Recall the nested issues thought. Your causal inference challenge usually sits inside a bigger enterprise determination, and it not often is the one dimension that issues. The stakeholder has to weigh price, timing, strategic match, reversibility; alongside your estimate. Causal inference will not be every part we have to know.
In case your causal reply carries 30% of the load in that call, treating it like 100% is a waste. Worse: it’s a waste with a chance price, as a result of the opposite 70% sits unanswered.
That is the place the final-vs-constructive framing earns its hold. For constructive selections, spreading effort throughout dimensions virtually all the time beats drilling into one. For ultimate selections, the causal dimension usually is the core, and the maths ideas the opposite method.
Guidelines 1, 2, and three overlap however they aren’t the identical. Rule 1 requested whether or not you’re tackling the fitting downside. Rule 2 requested whether or not you want causal inference in any respect. Rule 3 assumes you’ve cleared each. Now the query is: inside the challenge, are you answering the fitting questions, plural, and letting causal inference carry solely the load that’s really on it?
Ship the choice, not the estimate
A current challenge: estimate the impact of a brand new pricing tier on income per person. Instinctively, I reached for the cleanest identification technique I may deploy. Distinction-in-differences with parallel-trends sensitivity, placebo checks, possibly a synth management for good measure. A month’s work, simply.
However after I zoomed out, the PM had three open questions, not one:
- What’s the impact on income per person? (causal)
- Are we cannibalising the present tier? (causal, totally different final result)
- How reversible is that this if it tanks? (not causal; an ops and product query)
Spending a month on query 1 would have left 2 and three half-answered. The choice wanted all three to be roughly proper, not one to be exactly proper. So: a tighter diff-in-diff on query 1 in two weeks, with specific caveats, and the remaining time on 2 and three. The stakeholder walked into the choice assembly with a balanced image fairly than one quantity and two shrugs.

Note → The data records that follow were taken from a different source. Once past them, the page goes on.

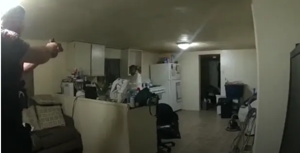 Hay una interacción relativamente normal entre la mujer y el policía hasta que este sacó su arma, ordenó a Massey que dejara una olla con agua caliente que estaba en su estufa y luego le disparó fatalmente en el rostro.
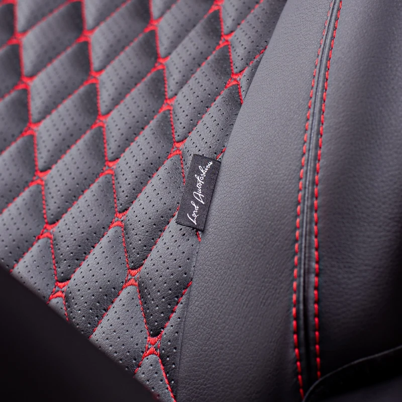 Чехлы модельные для Hyundai Solaris -1, 09.2010-01.2017, R8 Хэтчбек. Разд.зад.спинка 60/40, 2Г подголовн.Байрон Экокожа Чёрный , цвет вставки - Чёрный , цвет стежки - Красный.Комплект чехлов для сидений автомобиля Hyundai Solaris-1 хэтчбек раздельный зад 2011-2017 года премиум класса, серии «Байрон». На центральных деталях выполнена стёжка на спец оборудовании, боковые детали триплированы на поролоне 5 мм и отстрочены 2-х игольной строчкой. Спинка задних сидений закрыта карпетом. Предусмотрены все технологические отверстия. Данный чехол разработан по лекалам оригинального сиденья автомобиля, что гарантирует идеальную посадку. Надёжный крепеж, отличная прочность материала. Производятся из экокожи высокого качества, гарантированная толщина полимерного слоя 1,1 мм.Комплектация:спинки передние - 2 шт,сиденья передние - 2 шт,подголовники передние - 2 шт,подлокотник передний - нет,спинки задние - 2 шт,сиденья задние - 1 шт,подголовники задние - 2 шт,подлокотник задний - нет.Всего 11 элементов и крепежный набор для установки.
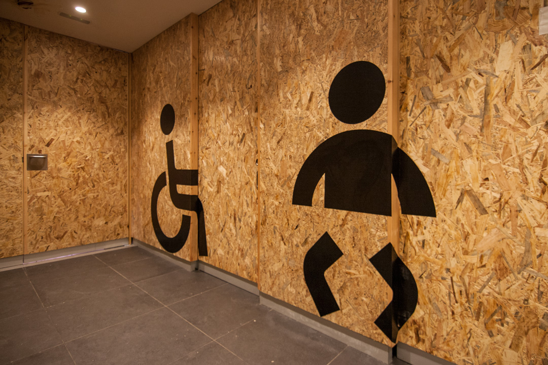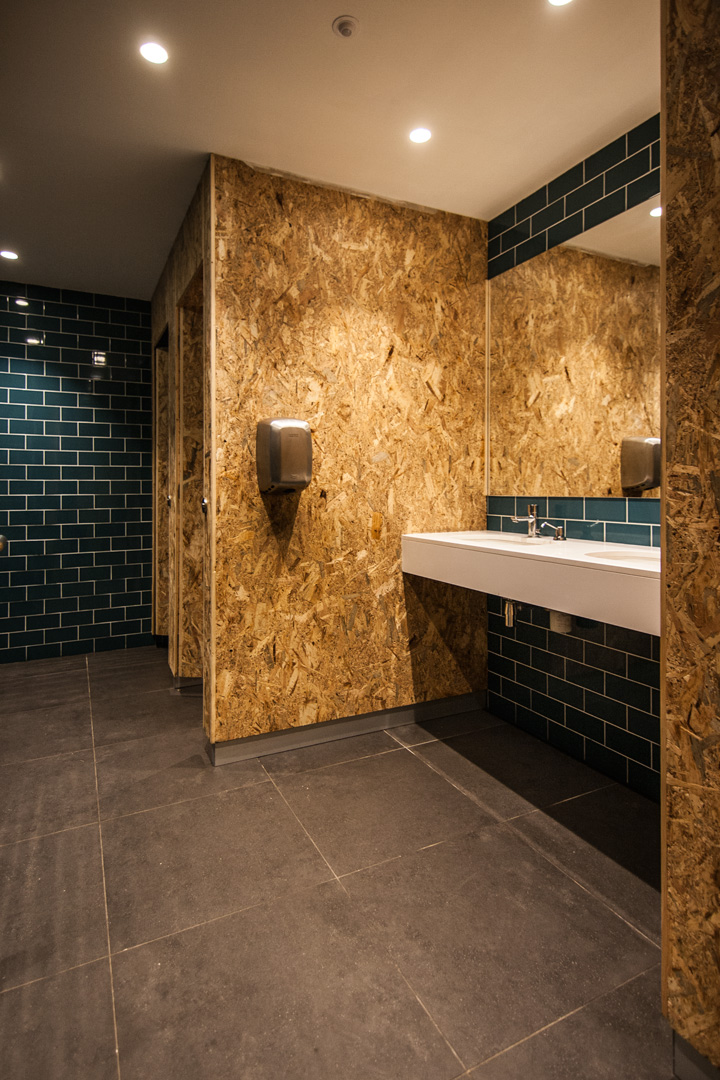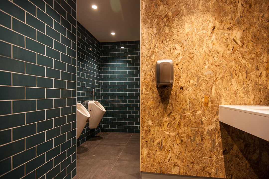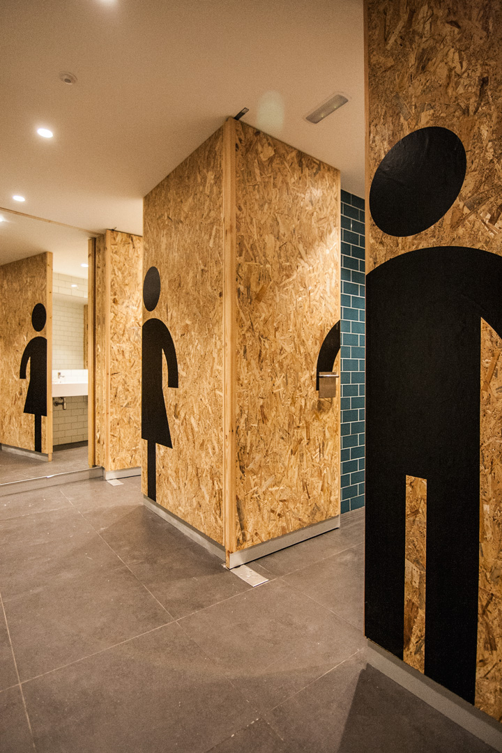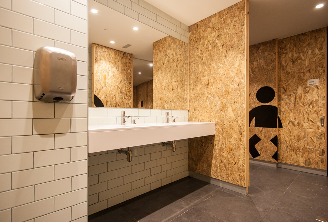 Como materiales, se eligen texturas básicas existentes, bloques de hormigón pintado, chapas de acero barnizado, paneles de madera OSB, y alicatados Johnson tiles en formato rectangular y dos tonos de color. En los baños, se intercambian los colores entre azulejos y borada, en el de hombres el azulejo es azul con borada blanca, y en el de señoras el azulejo de color blanco con la borada azul. Como divisorias y revestimientos, se eligen paneles OSB barnizados con estructura de pino interior, y rodapiés de aluminio o acero según el nivel de humedad de cada zona. Un detalle importante, cambiar las barandillas existentes por unas de vidrio para quitar peso visual al conjunto.
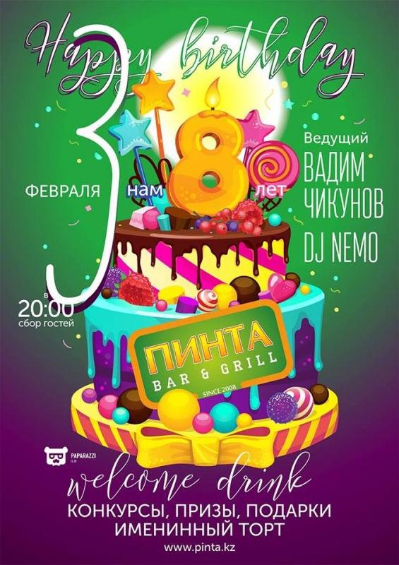 Особенно, когда такая отличная дата - 8 лет! Именно столько исполняется Пинте на пр. Назарбаева (бывш. Фурманова)
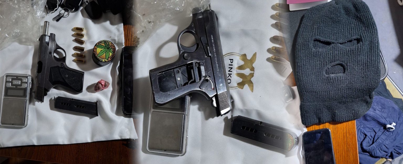 При претрес извршен со судска наредба во неговиот дом на подрачјето на Центар, биле пронајдени и одземени марихуана, дигитална вага, пиштол, рамка со куршуми, како и пари и други предмети поврзани со истрагата.

The anti-rule: when the causal query is the choice
Should you 80/20 a causal inference challenge the place the causal estimate is the entire determination, you’ve hollowed out the evaluation.

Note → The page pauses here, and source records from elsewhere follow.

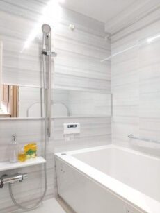 浴室は白をベースにモノトーンでまとめられた明るい雰囲気。追い焚き機能や浴室換気乾燥機などの便利機能も完備しています。天候を気にせず洗濯ができるのは嬉しいですね。
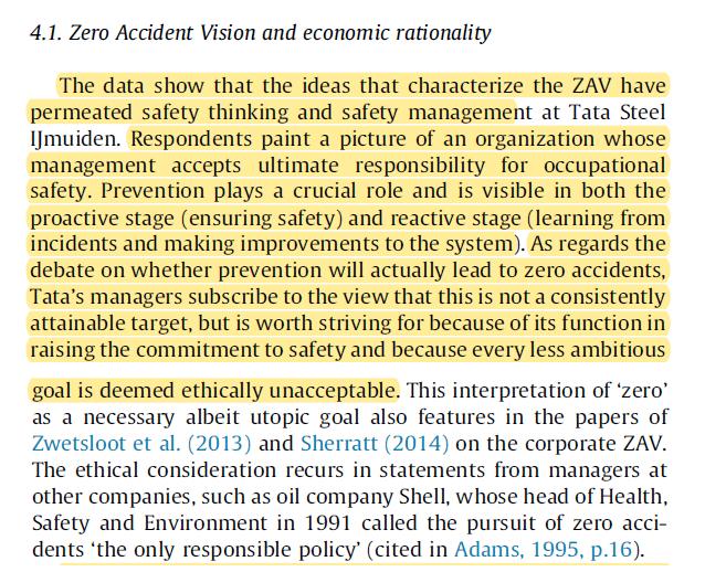 For one, ZH thinking “have permeated safety thinking and safety management at Tata Steel”, where respondents “paint a picture of an organization whose management accepts ultimate responsibility for occupational safety”.
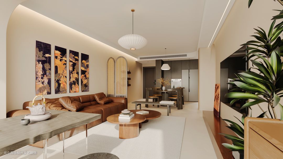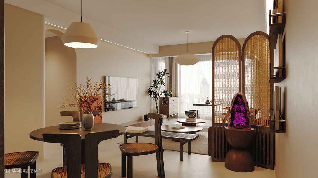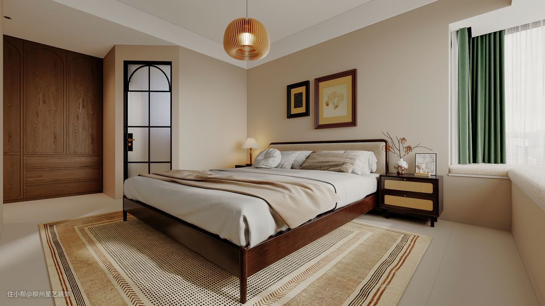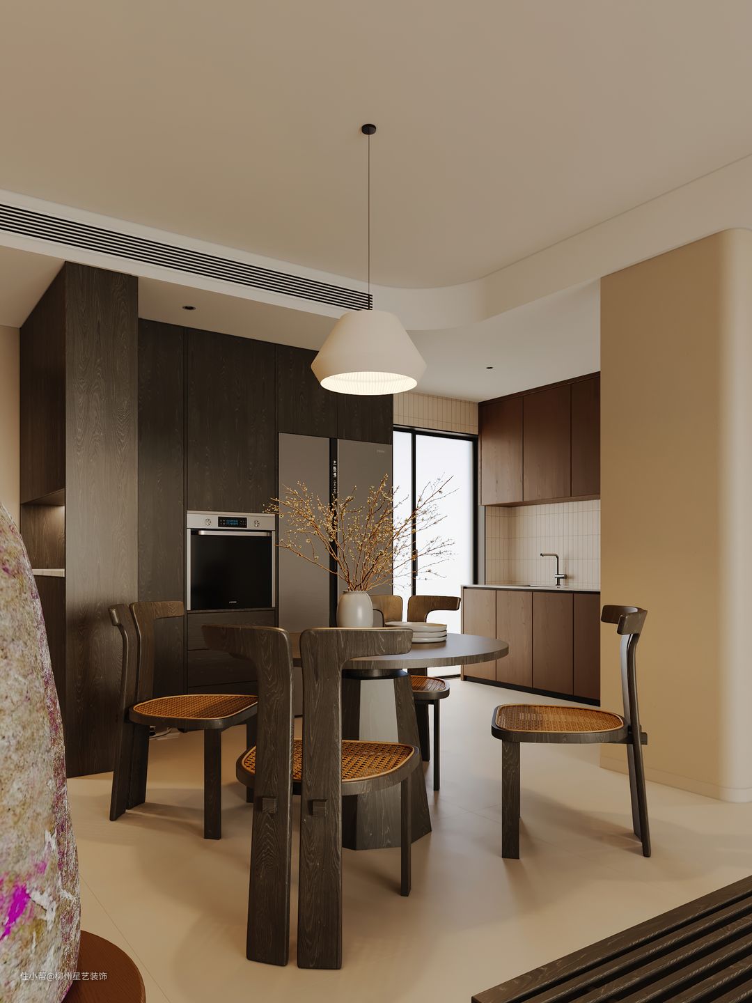 我们设计师将东方美学与西方摩登完美结合 以米色+棕色系为主基调 挑选深胡桃色木质板、藤编、绿植等元素 并从五感出发 塑造故事感、温馨感 电影般的空间感

That is the final-decision state of affairs. “Ought to we make investments $2M on this channel?” “Does this therapy trigger a significant discount in churn?” When the opposite dimensions are both already nailed down or genuinely secondary, the causal estimate will not be considered one of many inputs; it’s the enter. Chopping corners there to liberate time for work that doesn’t change the choice inverts the unique rule: now you’re misallocating the opposite method.
The talent is understanding which state of affairs you’re in. A fast check: when you can’t checklist three dimensions your stakeholder wants moreover your estimate, your causal reply most likely is the choice. Don’t 80/20 that one.
So, what now?
These guidelines apply throughout all analytical work, not simply causal inference. However causal inference is the place I’ve felt it the toughest in my previous roles.
Each time I really feel the pull of a clear synth management for a query no person requested, these are the reminders I tape to my very own brow:
The strategies come from finding out them. That’s one thing I received’t cease. However on the market, on the battlefield, let’s be sharp on when making use of them does good, and when not.
If considered one of these guidelines prevent a dash subsequent time, or an argument with a PM, that’s already a win; and these wins compound. Rigour reveals up when it issues. The remainder of your time goes to issues that additionally matter.
I’d be glad to have a dose of wholesome debating with you about all of the above. Join with me on LinkedIn, or comply with my personal website for content material like this!